During the last week I've been visiting friends (Frank, Kay, Paula, and Toya Sanders) that previously lived two doors west in Carbondale, IL. We haven't seen each other for 13 1/2 years, but the experience has been as if we only said goodbye last week when they migrated to Georgetown, TX.
We've been way too busy this week with food (too much), reminiscing, and assorted adventures. We've gone hiking along the North Fork of the San Gabriel River that flows through Austin, TX. And yesterday for Throwback Thursday (x 45 years) we visited the Lyndon Baines Johnson (LBJ) Presidential Library in Austin.
Today, we four all went flying for the first time without an airplane.

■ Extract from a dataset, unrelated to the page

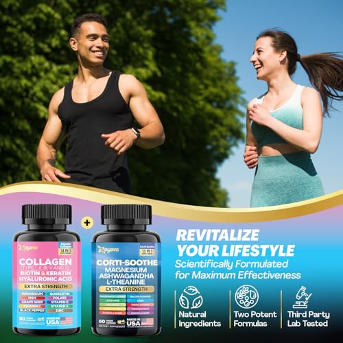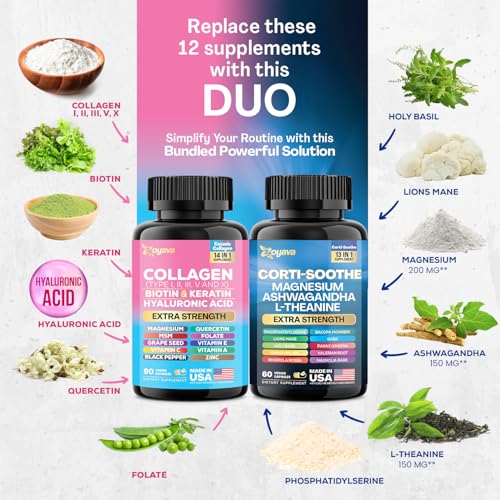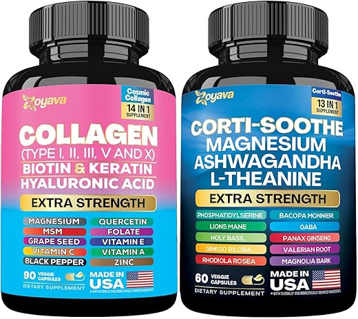 Eleve seu bem-estar com o Duo Harmonia e Radiância da Zoyava, uma poderosa combinação de suporte ao cortisol e colágeno. Essa fórmula dinâmica, com 27 ingredientes premium, combina sem esforço Ashwagandha, Magnésio, L-Theanine, Lions Mane e um Complexo de Colágeno Tipos I, II, III, V, X com Biotina, Ácido Hialurônico e muito mais, para um bem-estar abrangente.

More on that in my next blog entry.
Jeffrey Miller shot by the Ohio National Guard John Filo's Pulitzer Prize-winning photograph |
Bob Pauls Photo by Sarah Maas (~ 1976) |
Visiting the LBJ library brought back the vivid memories of my involvement in many social and political events on the period, It was also the time of my first marriage with all the joys and struggles of a young couple trying to find their way in that tumultuous world.
The library is filled with sights and sounds of the period. Particularly poignant were recordings from the Oval Office wherein LBJ worked through his frustrations with trying the put an end to the fruitless war, eliminate poverty in America, end segregation, and protect the environment with the passage of numerous laws. The two most noticeable pieces of environmental law were the Clean Air Act of 1963 and the Wilderness Act of 1964.
You will support this legislation, won't you Bob? |
The library also gives recognition of LBJ's wife, Lady Bird Johnson. Johnson died only two days after the swearing-in of his successor, President Richard Nixon, a man we learned to hate for his disastrous policies that prolonged the war in Vietnam.
I highly recommend a visit the the presidential library on the University of Texas campus.